ASSIGNMENT: Starting at the line below with "French Black High" and stopping at the line with "在省農(nóng)墾三河農(nóng)場邱上營分場的麥田里,植保無人機進行飛防作業(yè)。顏懷峰 錢厚紅 攝", please print each line exactly, those two included, and skip every picture.

DATA SUPPLIED:
....
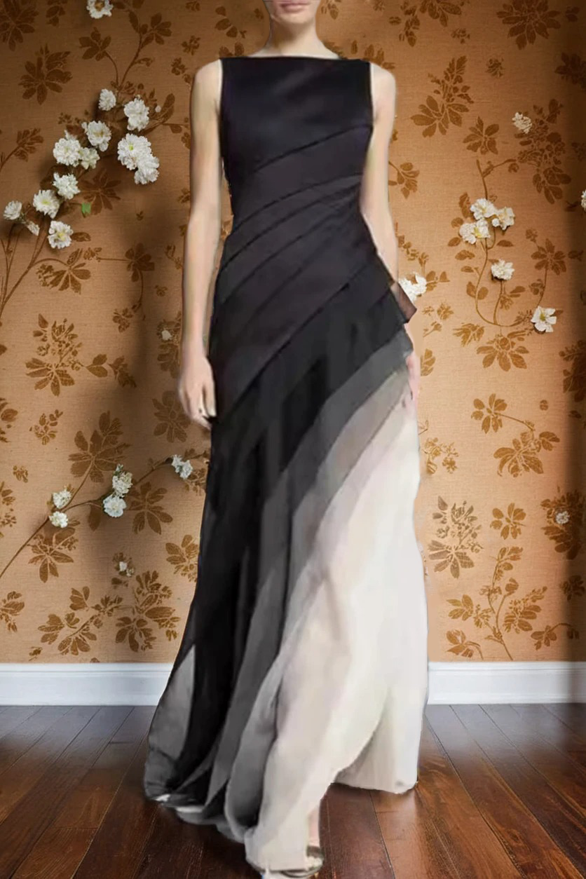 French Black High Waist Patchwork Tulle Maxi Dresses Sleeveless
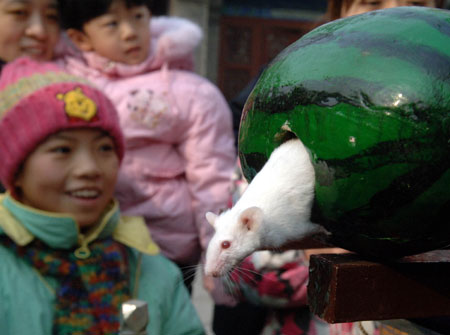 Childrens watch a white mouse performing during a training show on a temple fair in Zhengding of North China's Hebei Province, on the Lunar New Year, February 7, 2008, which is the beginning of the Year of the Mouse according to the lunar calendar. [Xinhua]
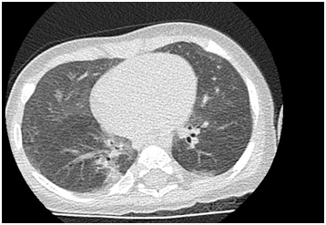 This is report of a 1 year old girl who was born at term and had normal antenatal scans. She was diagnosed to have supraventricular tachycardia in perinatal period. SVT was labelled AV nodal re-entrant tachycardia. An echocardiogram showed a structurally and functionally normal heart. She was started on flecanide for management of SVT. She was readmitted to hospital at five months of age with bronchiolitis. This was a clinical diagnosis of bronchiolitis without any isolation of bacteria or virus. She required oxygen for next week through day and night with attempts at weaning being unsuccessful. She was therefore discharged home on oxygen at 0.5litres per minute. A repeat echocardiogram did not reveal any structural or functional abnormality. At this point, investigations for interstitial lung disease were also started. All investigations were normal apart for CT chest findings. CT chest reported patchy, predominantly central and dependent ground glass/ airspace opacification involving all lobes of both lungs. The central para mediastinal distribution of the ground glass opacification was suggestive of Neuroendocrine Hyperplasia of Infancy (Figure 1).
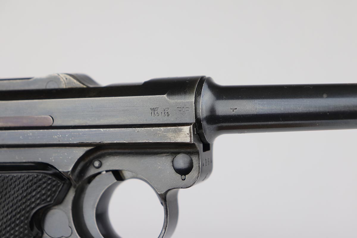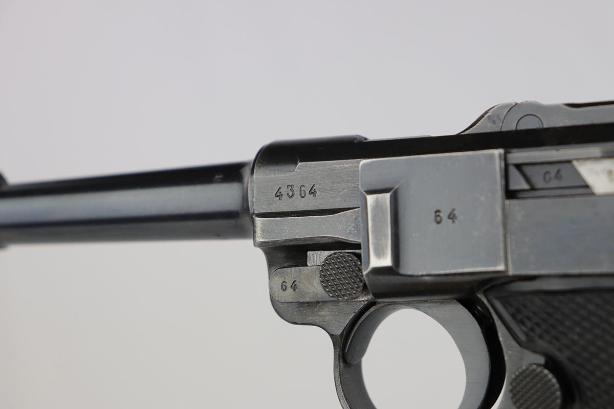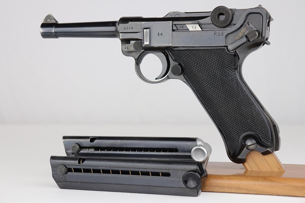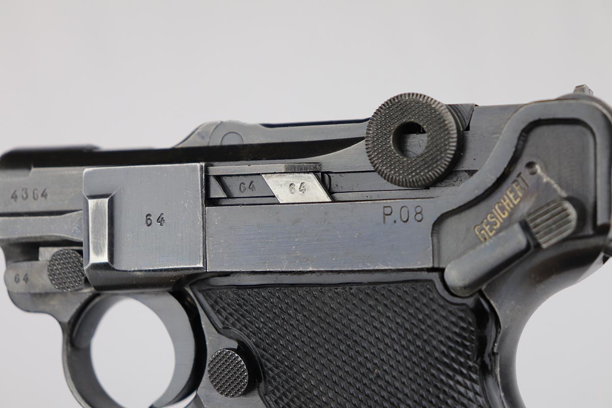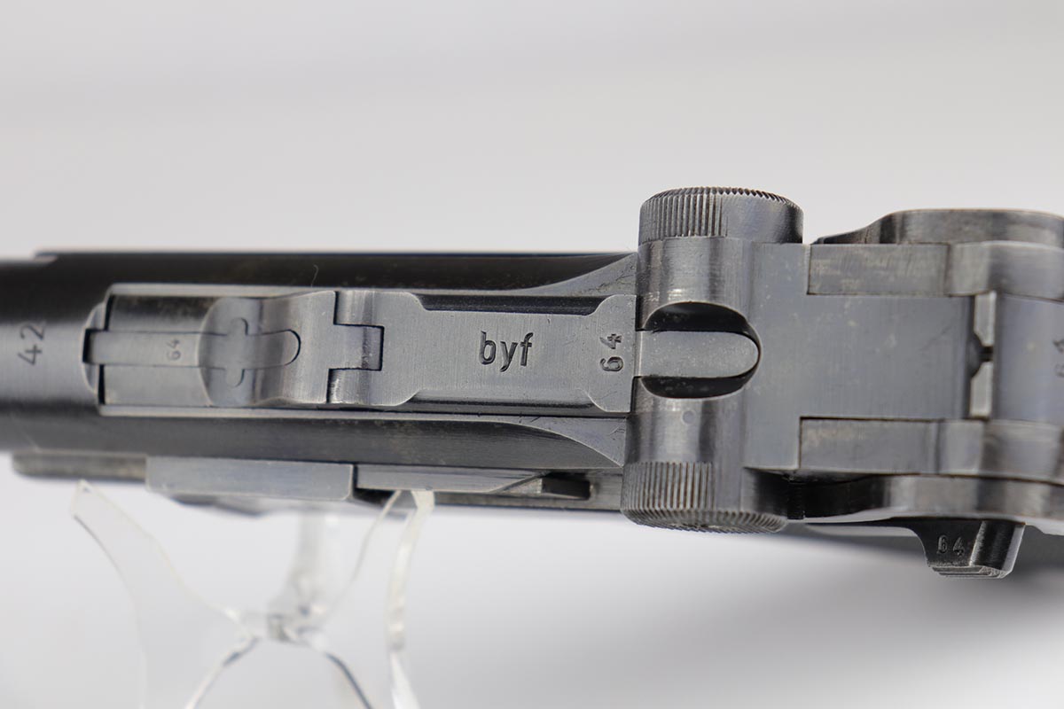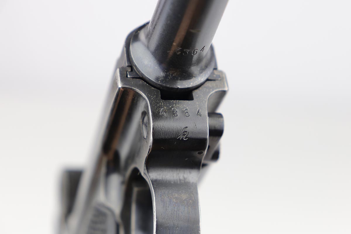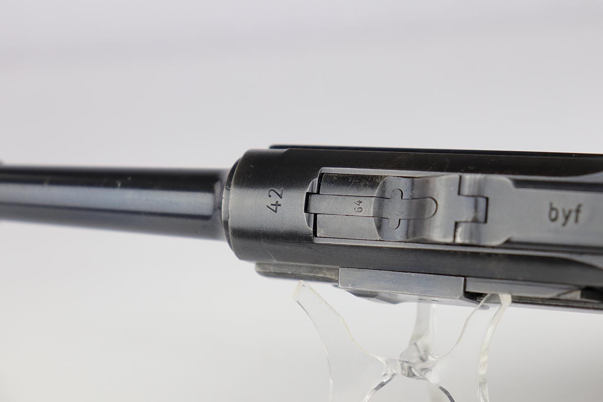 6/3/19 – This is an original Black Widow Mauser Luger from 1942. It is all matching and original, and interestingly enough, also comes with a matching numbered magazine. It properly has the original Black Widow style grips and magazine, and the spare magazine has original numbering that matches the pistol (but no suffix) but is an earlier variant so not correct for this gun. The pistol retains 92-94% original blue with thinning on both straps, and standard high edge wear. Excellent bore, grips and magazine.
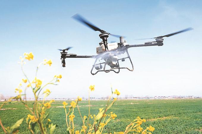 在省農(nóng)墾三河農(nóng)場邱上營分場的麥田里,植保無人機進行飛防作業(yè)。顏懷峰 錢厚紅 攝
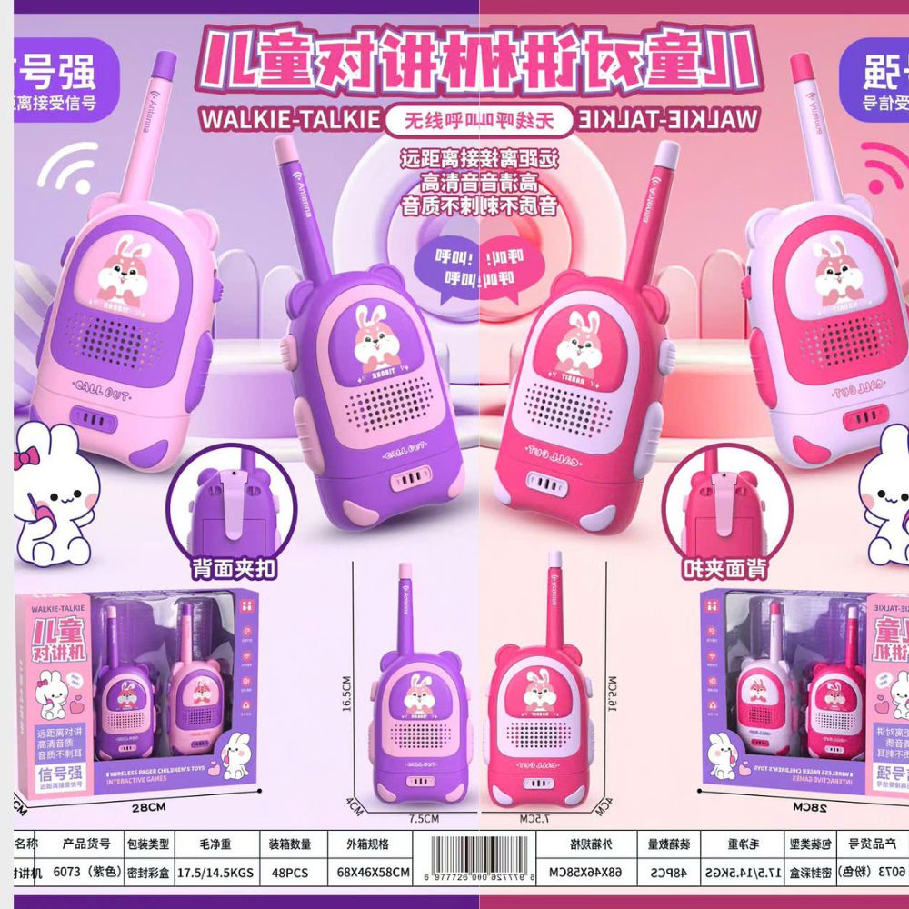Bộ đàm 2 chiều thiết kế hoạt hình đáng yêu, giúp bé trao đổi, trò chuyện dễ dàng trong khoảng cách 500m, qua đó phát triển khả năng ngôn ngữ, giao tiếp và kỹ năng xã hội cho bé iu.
....
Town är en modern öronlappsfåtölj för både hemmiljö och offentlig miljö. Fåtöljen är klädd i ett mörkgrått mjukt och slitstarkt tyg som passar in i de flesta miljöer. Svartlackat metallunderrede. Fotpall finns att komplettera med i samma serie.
....
EXPECTED OUTPUT:
 French Black High Waist Patchwork Tulle Maxi Dresses Sleeveless
 Childrens watch a white mouse performing during a training show on a temple fair in Zhengding of North China's Hebei Province, on the Lunar New Year, February 7, 2008, which is the beginning of the Year of the Mouse according to the lunar calendar. [Xinhua]
 This is report of a 1 year old girl who was born at term and had normal antenatal scans. She was diagnosed to have supraventricular tachycardia in perinatal period. SVT was labelled AV nodal re-entrant tachycardia. An echocardiogram showed a structurally and functionally normal heart. She was started on flecanide for management of SVT. She was readmitted to hospital at five months of age with bronchiolitis. This was a clinical diagnosis of bronchiolitis without any isolation of bacteria or virus. She required oxygen for next week through day and night with attempts at weaning being unsuccessful. She was therefore discharged home on oxygen at 0.5litres per minute. A repeat echocardiogram did not reveal any structural or functional abnormality. At this point, investigations for interstitial lung disease were also started. All investigations were normal apart for CT chest findings. CT chest reported patchy, predominantly central and dependent ground glass/ airspace opacification involving all lobes of both lungs. The central para mediastinal distribution of the ground glass opacification was suggestive of Neuroendocrine Hyperplasia of Infancy (Figure 1).
 6/3/19 – This is an original Black Widow Mauser Luger from 1942. It is all matching and original, and interestingly enough, also comes with a matching numbered magazine. It properly has the original Black Widow style grips and magazine, and the spare magazine has original numbering that matches the pistol (but no suffix) but is an earlier variant so not correct for this gun. The pistol retains 92-94% original blue with thinning on both straps, and standard high edge wear. Excellent bore, grips and magazine.
 在省農(nóng)墾三河農(nóng)場邱上營分場的麥田里,植保無人機進行飛防作業(yè)。顏懷峰 錢厚紅 攝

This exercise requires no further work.